What needs to be done
Please transcribe the listing below in full and word for word, without its pictures.

(Source material Opens)

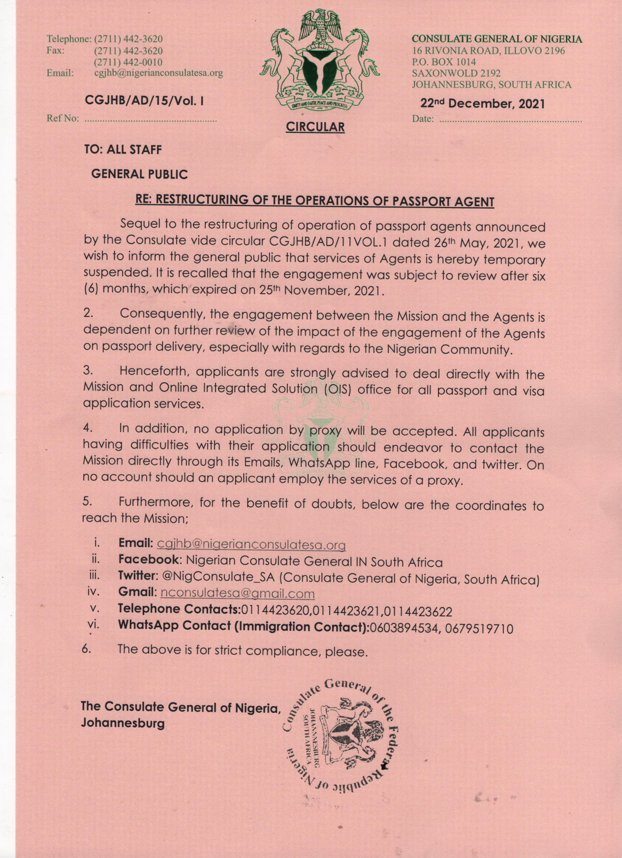 Sequel to the restructuring of operation of passport agents announced by the Consulate vide circular CGJHB/AD/11VOL.1 dated 26th May 2021, we wish to inform the general public that services of Agents is hereby temporarily suspended. It is recalled that the engagement was subject to review after six (6) months, which expired on 25th November, 2021.
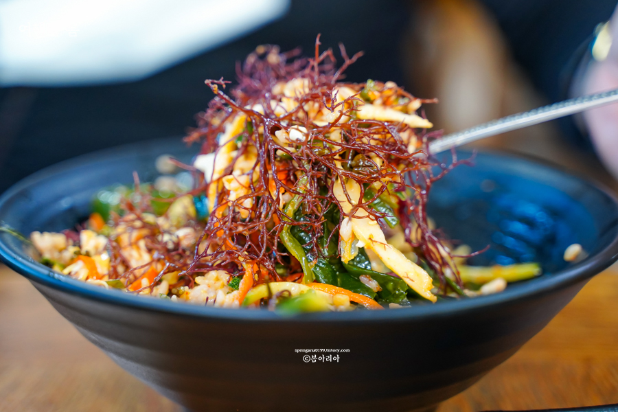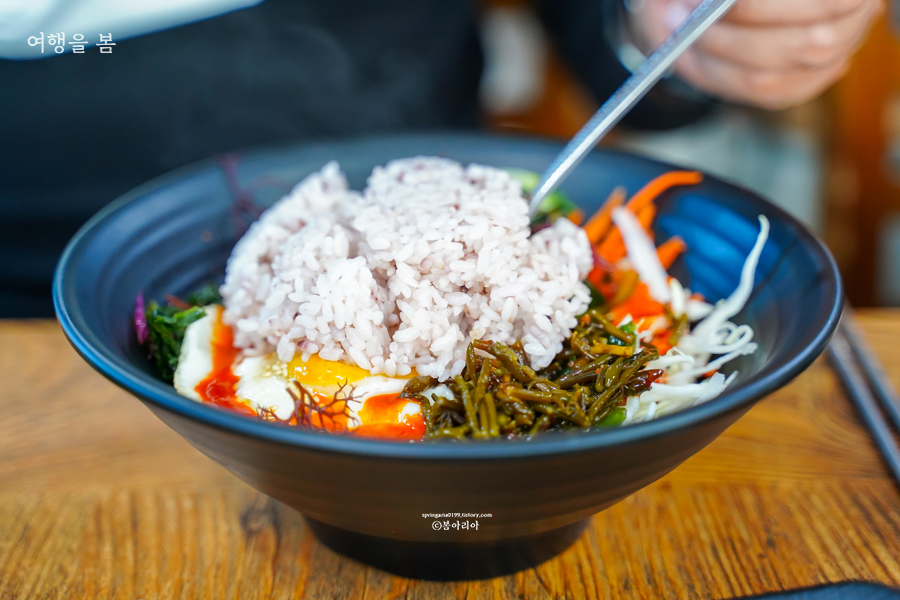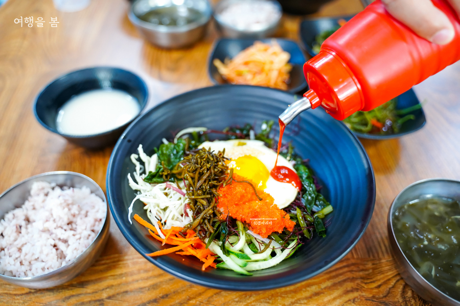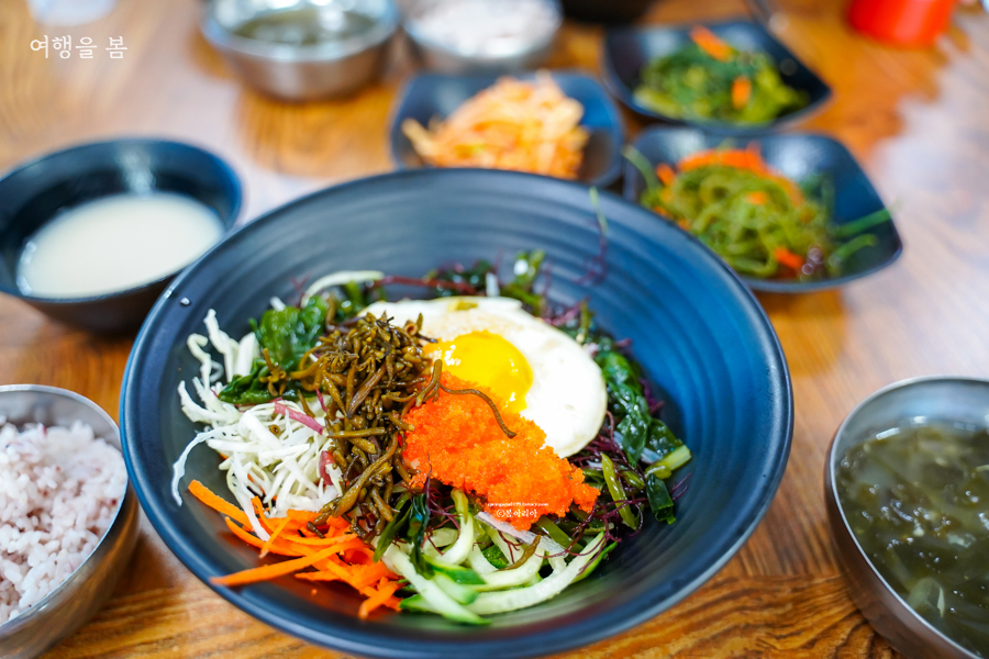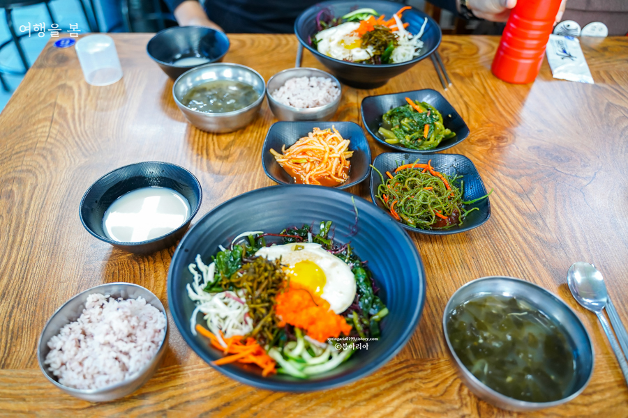 해초비빔밥은 8천원이다. 양이 푸짐하여 그 밑에 당연히 밥이 들어있겠지하였으나 저건 해초와 채소다. 밥과 미역국은 따로 나온다. 관광지치고 8천원이면 비싸지 않은 가격이면서 양도 상당하다. 달걀은 하나 들어있지만 고기는 없으니 고기 좋아하는 사람이라면 입맛에 맞지 않을 수 있다. 반찬은 3가지가 나왔고, 열무김치 말고는 맛이 없었다. 미역국은 대박 맛있었다. 미역국이라면 손도 안 대는 친구도 이런 맛은 처음이라며 국물 하나 남기지 않고 다 먹었다.
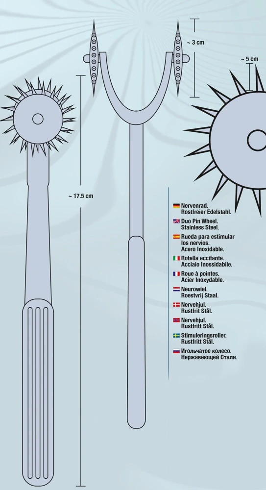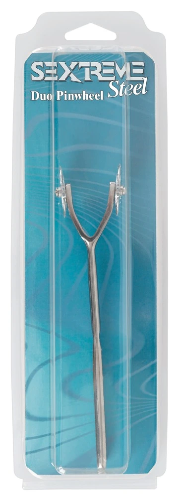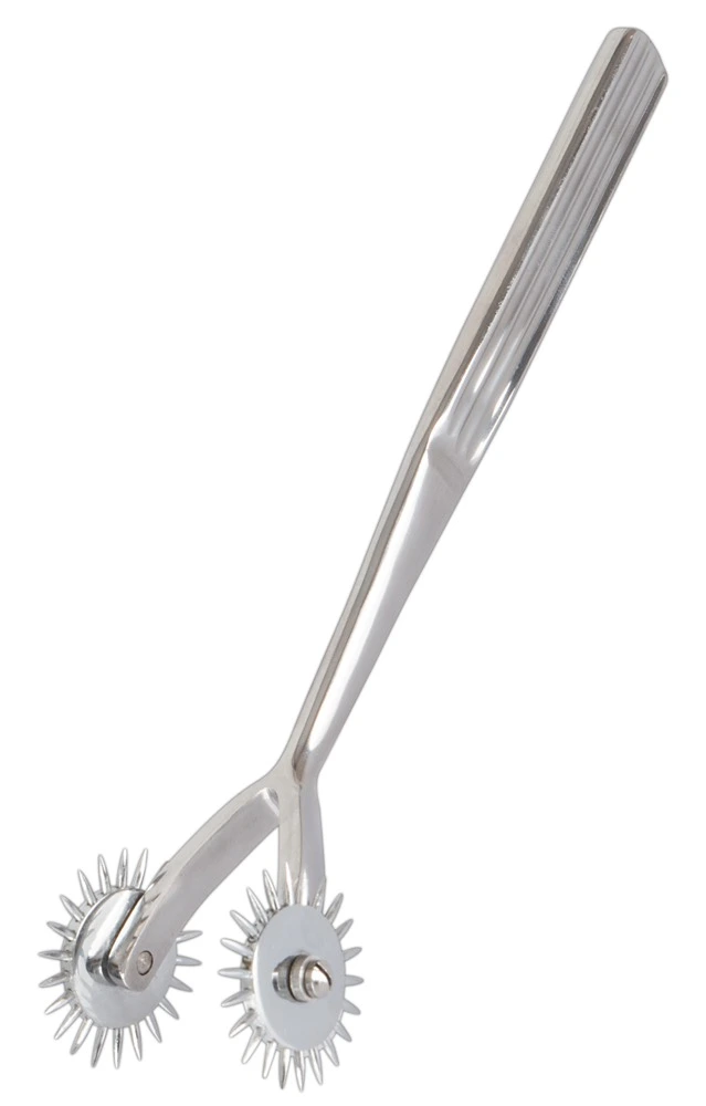 Dubbelle pinwheel met puntige spikes op een RVS handvat. De afstand tussen de twee wielen is 3 cm zodat u ze lekker gevoelig kunt bedienen 😀

(Source material Closes)

Exercise answer
 Sequel to the restructuring of operation of passport agents announced by the Consulate vide circular CGJHB/AD/11VOL.1 dated 26th May 2021, we wish to inform the general public that services of Agents is hereby temporarily suspended. It is recalled that the engagement was subject to review after six (6) months, which expired on 25th November, 2021.
 해초비빔밥은 8천원이다. 양이 푸짐하여 그 밑에 당연히 밥이 들어있겠지하였으나 저건 해초와 채소다. 밥과 미역국은 따로 나온다. 관광지치고 8천원이면 비싸지 않은 가격이면서 양도 상당하다. 달걀은 하나 들어있지만 고기는 없으니 고기 좋아하는 사람이라면 입맛에 맞지 않을 수 있다. 반찬은 3가지가 나왔고, 열무김치 말고는 맛이 없었다. 미역국은 대박 맛있었다. 미역국이라면 손도 안 대는 친구도 이런 맛은 처음이라며 국물 하나 남기지 않고 다 먹었다.
 Dubbelle pinwheel met puntige spikes op een RVS handvat. De afstand tussen de twee wielen is 3 cm zodat u ze lekker gevoelig kunt bedienen 😀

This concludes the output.